Output exactly the lines of the listing below that run from the line with "デスクワークをする時、周りに" through the line with "私達好みの白を基調とした披露". No pictures.

Records provided —
--

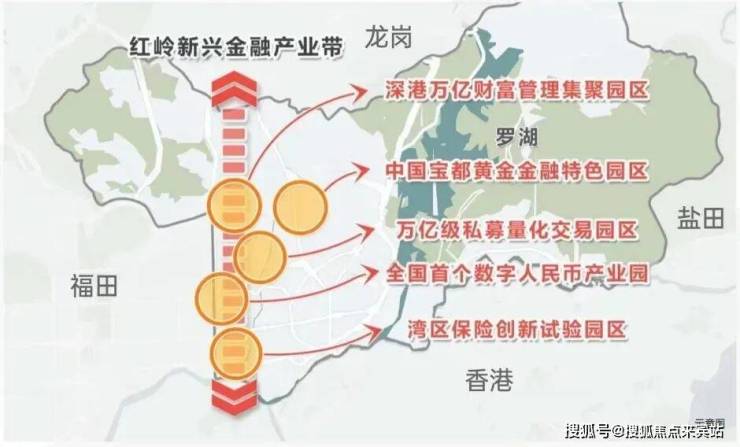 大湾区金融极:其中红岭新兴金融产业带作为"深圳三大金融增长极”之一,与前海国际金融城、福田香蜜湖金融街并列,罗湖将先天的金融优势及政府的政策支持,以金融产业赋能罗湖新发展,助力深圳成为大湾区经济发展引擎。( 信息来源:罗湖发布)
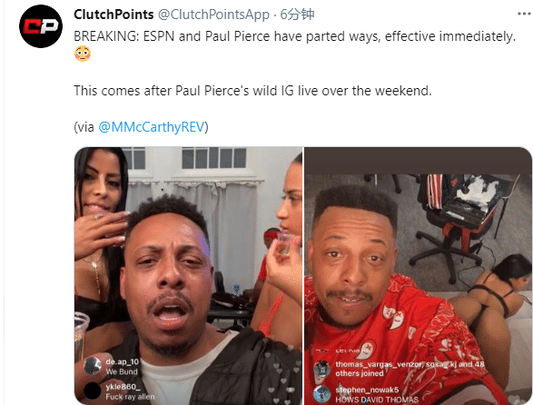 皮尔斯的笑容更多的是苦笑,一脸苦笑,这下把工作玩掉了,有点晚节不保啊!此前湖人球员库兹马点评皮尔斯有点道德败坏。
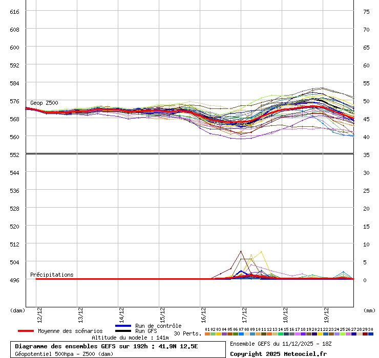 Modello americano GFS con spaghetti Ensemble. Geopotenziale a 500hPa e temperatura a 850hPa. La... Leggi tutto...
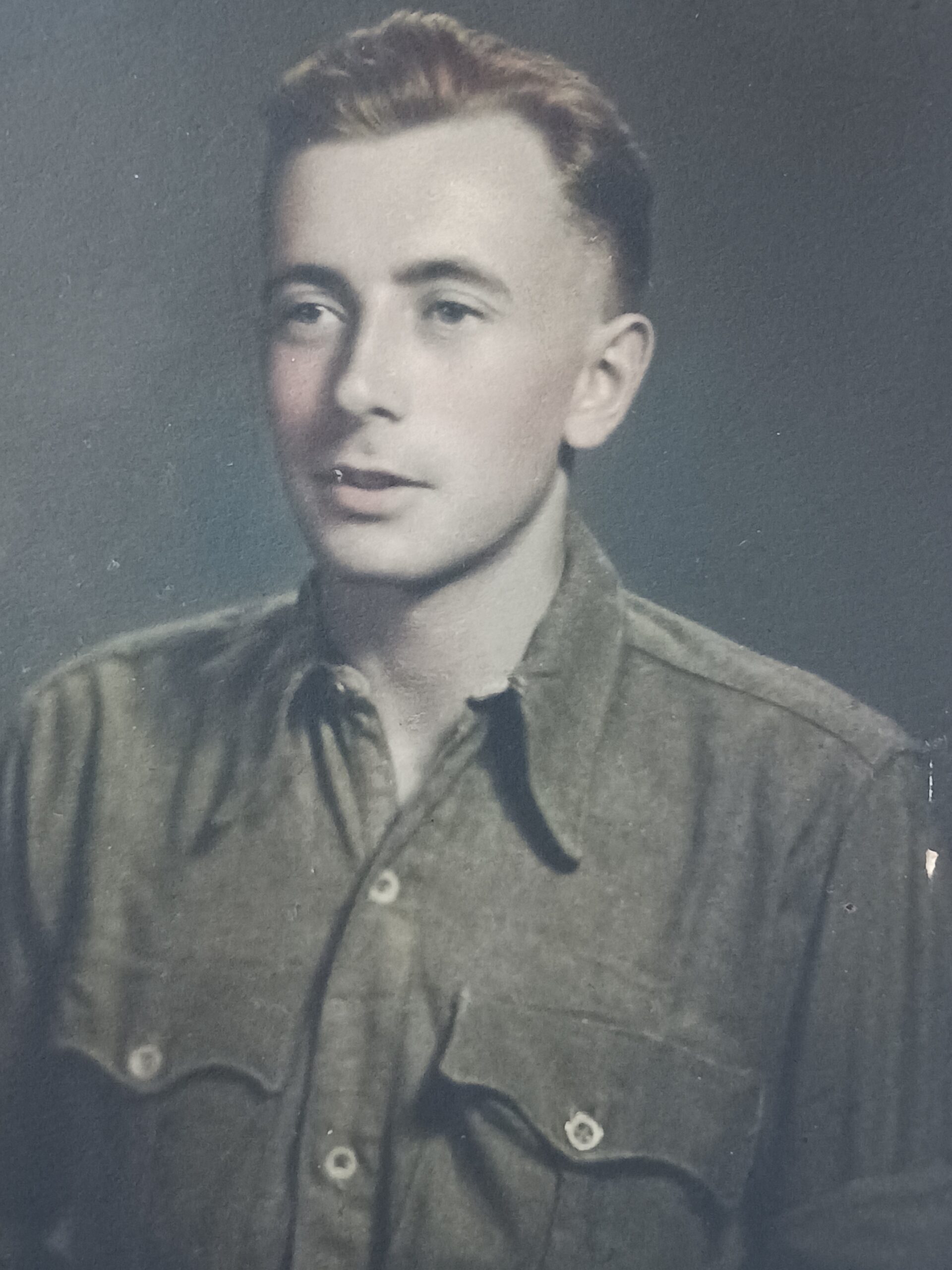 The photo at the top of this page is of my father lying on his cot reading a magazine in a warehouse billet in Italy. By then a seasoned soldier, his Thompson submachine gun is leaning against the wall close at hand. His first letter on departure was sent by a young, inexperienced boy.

--

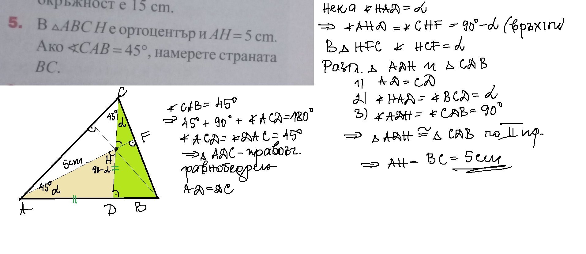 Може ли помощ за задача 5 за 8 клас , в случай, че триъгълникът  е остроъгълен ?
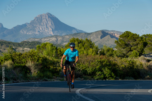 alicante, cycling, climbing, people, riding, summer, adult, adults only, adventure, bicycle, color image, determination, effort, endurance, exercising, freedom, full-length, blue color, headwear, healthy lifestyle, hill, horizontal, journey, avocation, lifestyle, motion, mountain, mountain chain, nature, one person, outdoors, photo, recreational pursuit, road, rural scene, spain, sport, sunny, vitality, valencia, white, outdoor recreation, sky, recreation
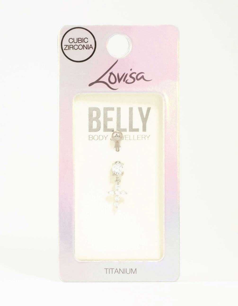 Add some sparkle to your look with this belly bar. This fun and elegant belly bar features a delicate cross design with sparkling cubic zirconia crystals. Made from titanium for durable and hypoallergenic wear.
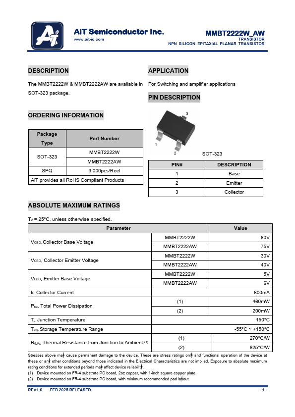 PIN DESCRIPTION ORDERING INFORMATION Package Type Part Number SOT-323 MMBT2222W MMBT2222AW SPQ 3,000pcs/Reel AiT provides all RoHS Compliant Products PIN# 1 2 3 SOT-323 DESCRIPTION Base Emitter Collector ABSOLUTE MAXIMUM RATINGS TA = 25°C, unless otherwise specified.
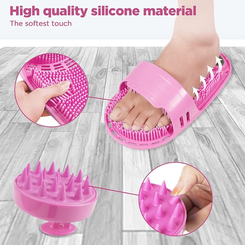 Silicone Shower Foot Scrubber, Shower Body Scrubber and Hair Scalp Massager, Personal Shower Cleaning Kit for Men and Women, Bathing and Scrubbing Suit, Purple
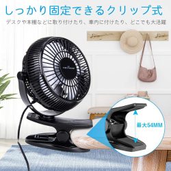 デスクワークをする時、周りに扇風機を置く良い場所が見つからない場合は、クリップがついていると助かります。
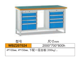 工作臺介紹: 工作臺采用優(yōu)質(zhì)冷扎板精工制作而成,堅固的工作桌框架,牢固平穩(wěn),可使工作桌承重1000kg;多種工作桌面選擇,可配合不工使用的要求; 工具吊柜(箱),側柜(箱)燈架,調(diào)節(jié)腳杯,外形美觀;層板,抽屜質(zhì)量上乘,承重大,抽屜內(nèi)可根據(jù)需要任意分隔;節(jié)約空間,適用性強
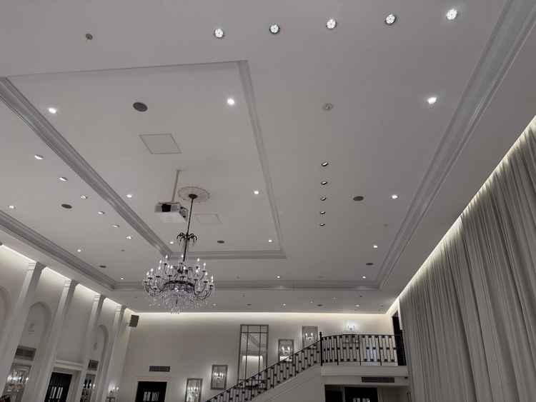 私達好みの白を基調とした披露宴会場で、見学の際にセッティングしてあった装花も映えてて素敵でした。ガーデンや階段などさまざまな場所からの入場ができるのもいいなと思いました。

--

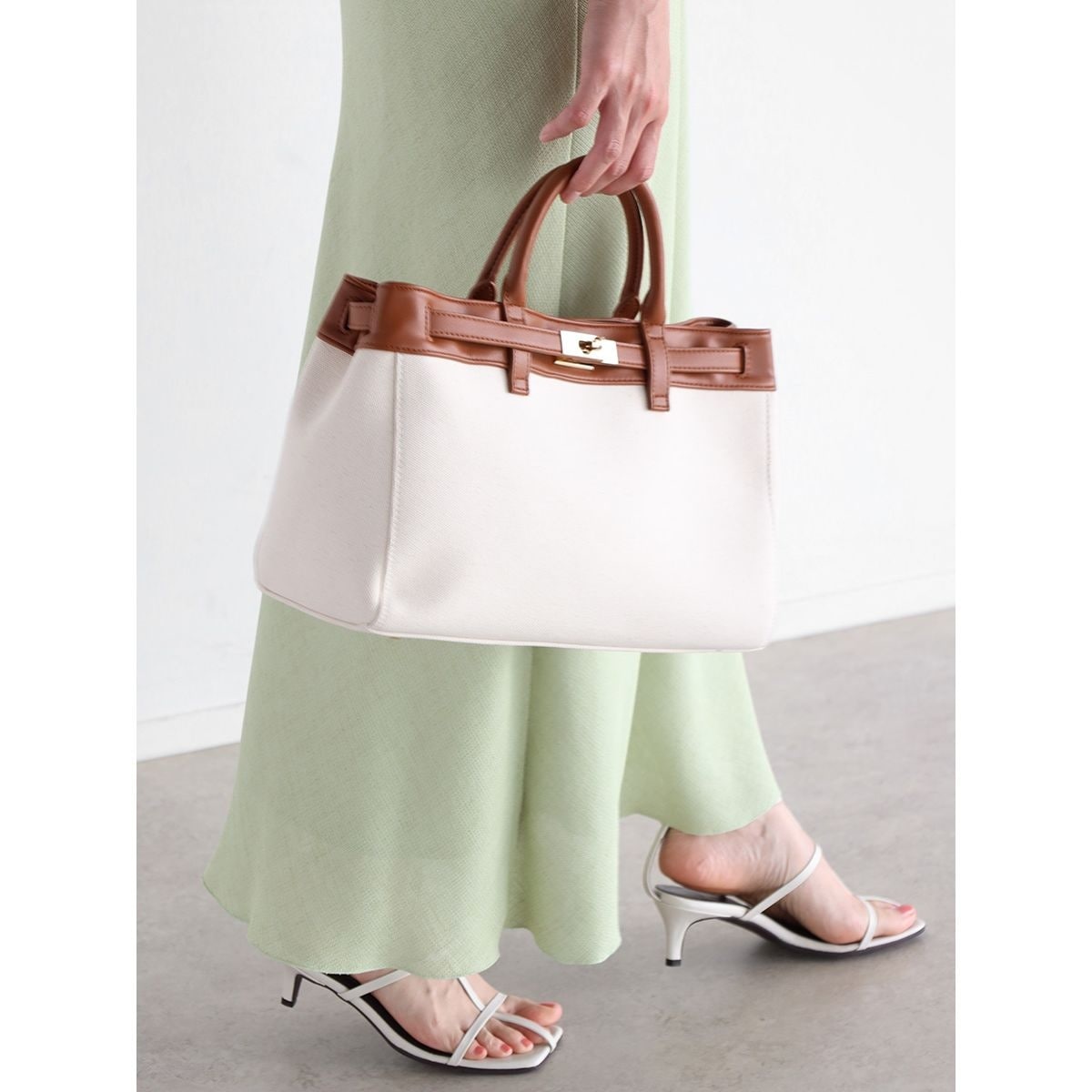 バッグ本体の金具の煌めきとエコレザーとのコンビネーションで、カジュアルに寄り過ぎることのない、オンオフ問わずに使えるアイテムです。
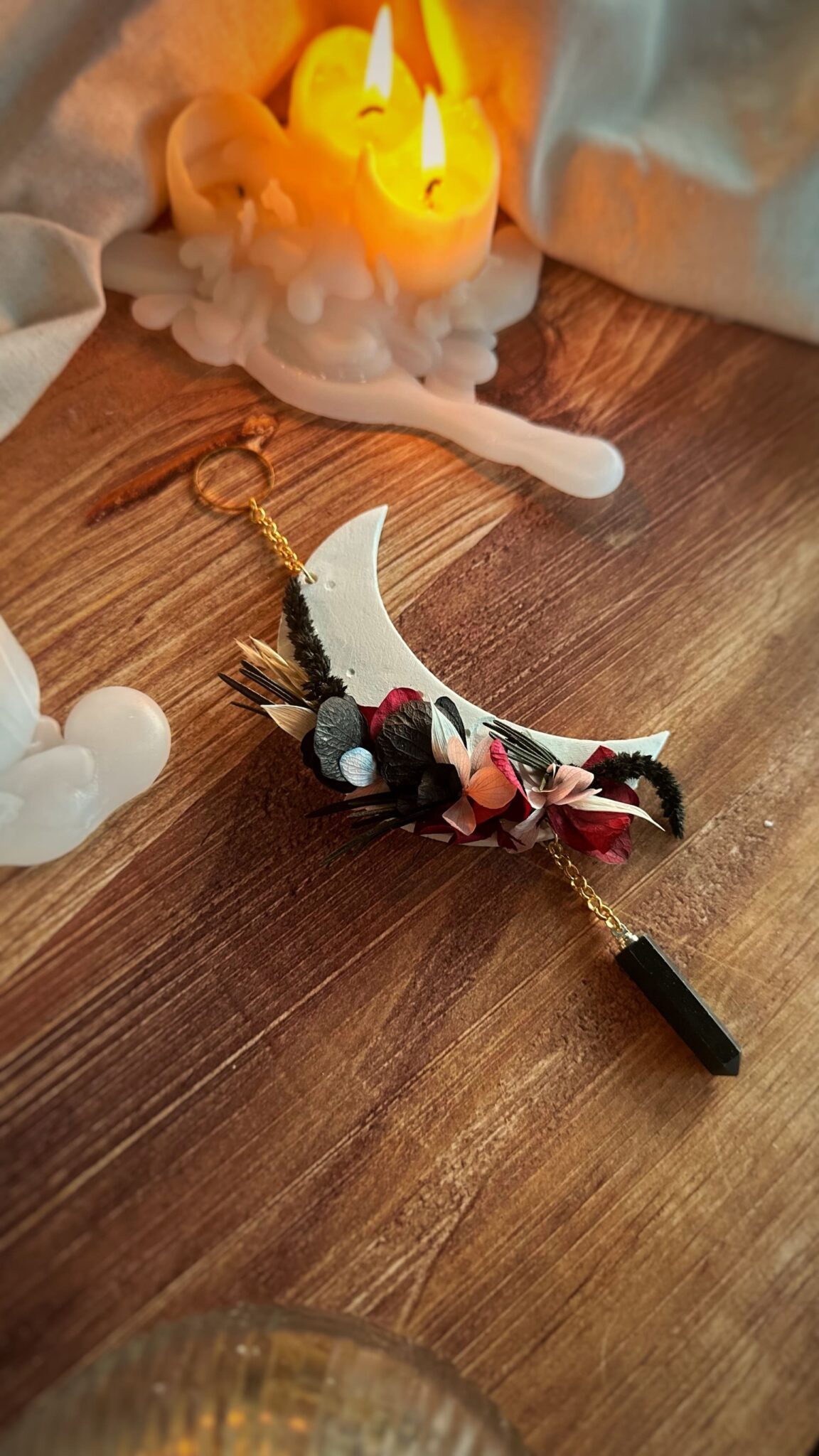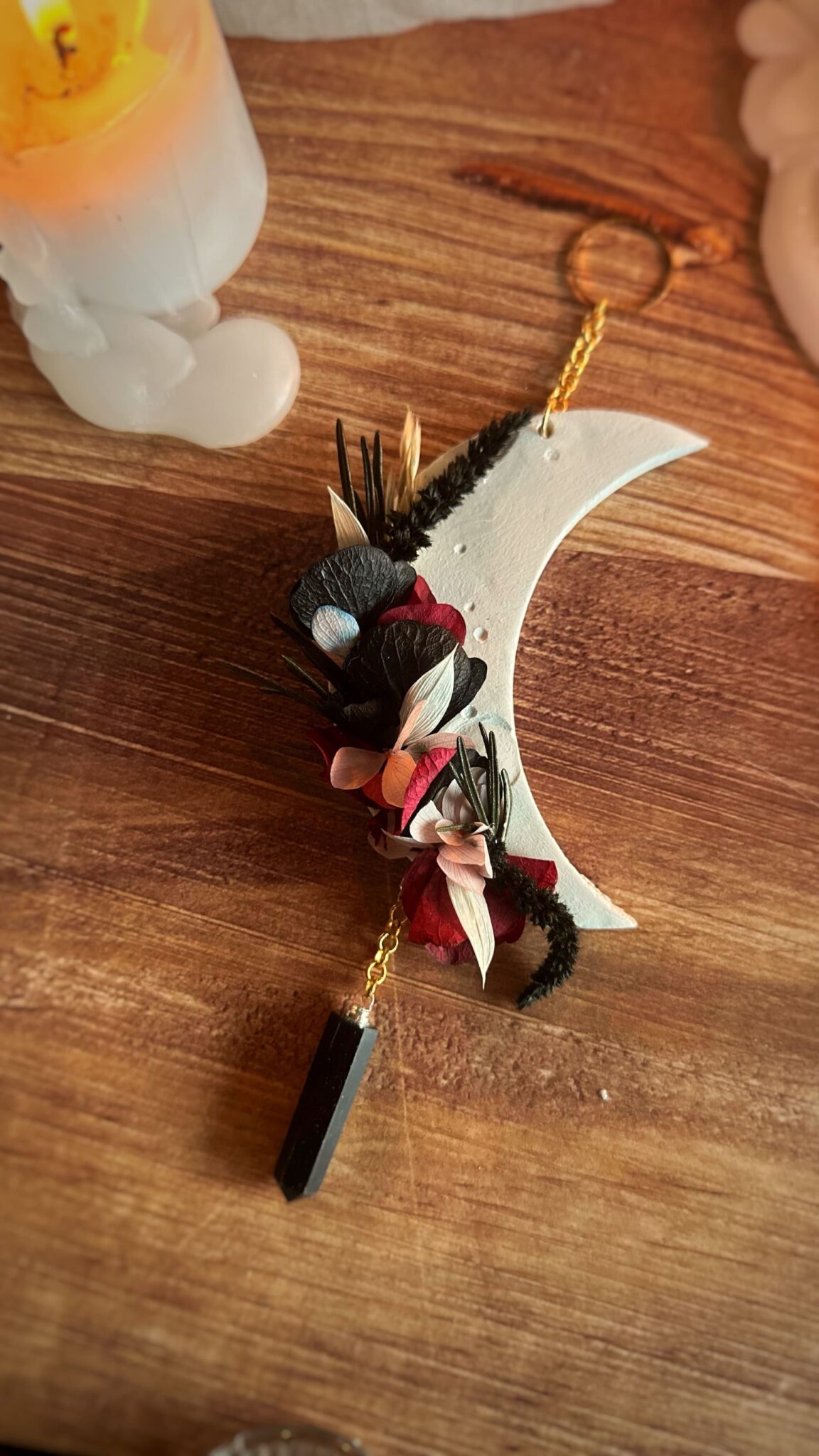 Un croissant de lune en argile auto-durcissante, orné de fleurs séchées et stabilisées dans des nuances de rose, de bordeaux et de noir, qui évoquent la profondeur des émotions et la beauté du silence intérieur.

--

Solved exercise —
 デスクワークをする時、周りに扇風機を置く良い場所が見つからない場合は、クリップがついていると助かります。
 工作臺介紹: 工作臺采用優(yōu)質(zhì)冷扎板精工制作而成,堅固的工作桌框架,牢固平穩(wěn),可使工作桌承重1000kg;多種工作桌面選擇,可配合不工使用的要求; 工具吊柜(箱),側柜(箱)燈架,調(diào)節(jié)腳杯,外形美觀;層板,抽屜質(zhì)量上乘,承重大,抽屜內(nèi)可根據(jù)需要任意分隔;節(jié)約空間,適用性強
 私達好みの白を基調とした披露宴会場で、見学の際にセッティングしてあった装花も映えてて素敵でした。ガーデンや階段などさまざまな場所からの入場ができるのもいいなと思いました。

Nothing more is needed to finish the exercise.